トレーニングの始めの段階では、声を口腔と鼻腔の両方にバランスよく響かせるよう注意する。
そして響きの焦点を、なるべく前に(鼻先から上唇と前歯のあたりに)するイメージで声を出す。
腹式呼吸のポイントは、背筋を伸ばして、お腹に空気を一杯入れるイメージで息を吸う。
そして吸ったら、下腹(丹田)に力を入れて、その状態の横隔膜を支えることだ。
①まず足を肩幅くらいに開き、背筋を伸ばす
②胸を広げて、アゴを引き、肩の力を抜く
③お腹へ空気を入れるイメージで息を吸い、横隔膜をグーッと下げるようにして深く吸い込む
腹式呼吸に慣れてきたら、あくびをする時のイメージで、リラックスした状態で鼻と口から深く息をする。
声が固いとか平たいと言われる人は、鼻への共鳴が足りなくて、喉に力が入っている人が多い。
そういう人は、「Ma」や「Na」の発音で、声をバランス良く深く響かせる練習をしよう。
まず、唇を軽く閉じたまま、「ンー」と鼻腔だけで声を出してみよう。
しっかり響かせると、唇の裏側まで共鳴し、少しくすぐったくなる。
この感じを掴んだら、次は「Maー」と口を開けて発音する。
口を開く時に、上の歯が見えるくらいに上唇を持ち上げること。
次は、ドレミファの音階を「Ma」で歌う練習をする。
「Ma」に慣れたら、次は「Na」で歌う。
サッカー場などで遠くの人を呼ぶとき、お腹の底から「おーい」と声を出すはずだ。
その時の身体の使い方を思い出して歌えば、すてきな声が出る。
卒業式などで「はい」と返事するとき、背筋をピンと伸ばしてお腹から声を出すはずだ。
これを歌に応用すればいい。
まず「はい!」としっかりした声で出してみる。
良く響く声が出たら、次は「はーい」と少し長く発音する。
感じが掴めてきたら、さらに長く「はーーーい」と続けていく。
これを毎日3分やるだけで、けっこう声が変わってくる。
歌っていて息が続かなくなるのは、たいていは呼吸法が原因である。
初心者だと、息を吸うことばかり意識して、しっかり吐くのをおろそかにしている事が多い。

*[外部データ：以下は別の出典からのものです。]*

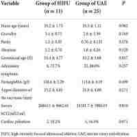 | Abstract | Background: Cervical pregnancy (CP) is an uncommon type of ectopic pregnancy with a rising risk to life. Currently, there is no universal protocol for the safe and effective management of CP. This study aimed to investigate the clinical efficacy of high-intensity focused ultrasound ablation (HIFU) versus uterine artery embolization (UAE) in the management of CP to develop a standard for the treatment of CP. Methods: From January 2015 to October 2021, 36 patients with CP were diagnosed, treated, and followed-up at the Department of Gynecology of Third Xiangya Hospital of Central South University. Eleven patients were treated with HIFU followed by suction curettage under hysteroscopic guidance and 25 patients were treated with UAE followed by suction curettage under hysteroscopic guidance. Medical records and pregnancy outcomes were retrospectively analyzed. Results: Compared to the UAE group, the HIFU group had a shorter interval time (1.5±0.21 days vs 2.6±0.26 days), shorter duration of hospitalization (5.5±0.31 days vs 6.6±0.21 days), shorter recovery time of menstruation (30.6±7.09 days vs 36.9±5.54 days), fewer adverse reactions (0/11 vs 9/25), and fewer postoperative complications (1/11 vs 8/25). There were no significant differences in age, gravidity, parity, abortion, gestational age, cardiac pulsation, admission symptoms, hemoglobin level, largest diameter of the sac/mass, serum hCG level at admission, hospitalization expenses, hospitalization days, blood loss during curettage, degree of hCG decline, residue after curettage, fertility requirement, and pregnancy outcomes. Conclusion: Both HIFU and UAE are safe and effective in the treatment of patients with CP. Compared to UAE, HIFU treatment for CP is a safer and more effective therapeutic schedule owing to the advantages of being more minimally invasive, shorter interval time, shorter hospitalization days and recovery time of menstruation, fewer adverse reactions, and fewer postoperative complications. |

しっかりと吐ききると、スッとお腹の支えを緩めるだけで、自然に空気を吸える。
4拍子で、「1、2、3、4」とカウントをとり、2拍吸って2拍吐くのを繰り返して、1分続けてみよう。
しっかり吸い吐くのに注意しながら行うこと。
声がこもったり、声の抜けが悪い人は、共通して顔の筋肉をちゃんと使えておらず、口だけパクパクさせている。
笑い声は遠くまで響くが、それはリラックスしてお腹から出しているのと同時に、ニコッと笑うことで頬の筋肉が動き、上唇が自然に持ち上がるからだ。
高齢者は、顔の筋肉が緩んでいて上唇が下がったまま喋るので、声がモゴモゴしてしまう。
歌う時は、顔の筋肉をしっかり使い、いつも上の歯が見えている状態で発声することが大切である。
これは、笑顔で発声するのと同じである。
良い声を出すには、身体を鍛えることも大切である。
誰にでも出来て有効なトレーニングは、風船をふくらます事だ。
これはプロ歌手もやっている。
お腹から声を出す時の筋肉の使い方を身体に覚えさせて、同時に心肺機能も強化できる。
歌っていて息が続かなくなるのは、ブレス(息継ぎ)が出来てない事が多い。
しっかりブレスが出来ないのは、しっかり息を吐けてないから。
風船トレーニングを朝晩に10分続けるだけで、絶対に声は変わってくる。
さらに歌では、舌も重要な働きをしている。
声が固いのは、舌が固いからと言ってもよい位である。
だから舌のストレッチをすると良い。
(以下は『音楽の正体』渡辺健一著から抜粋
2010年7月30日にノートにとり勉強したものを転載)
歌が上手くて声も良いのに、感動のない歌手がいる
理由は、自分の声に溺れて、最初から声を張ってしまっているのだ。
つまり歌に抑揚がないのである。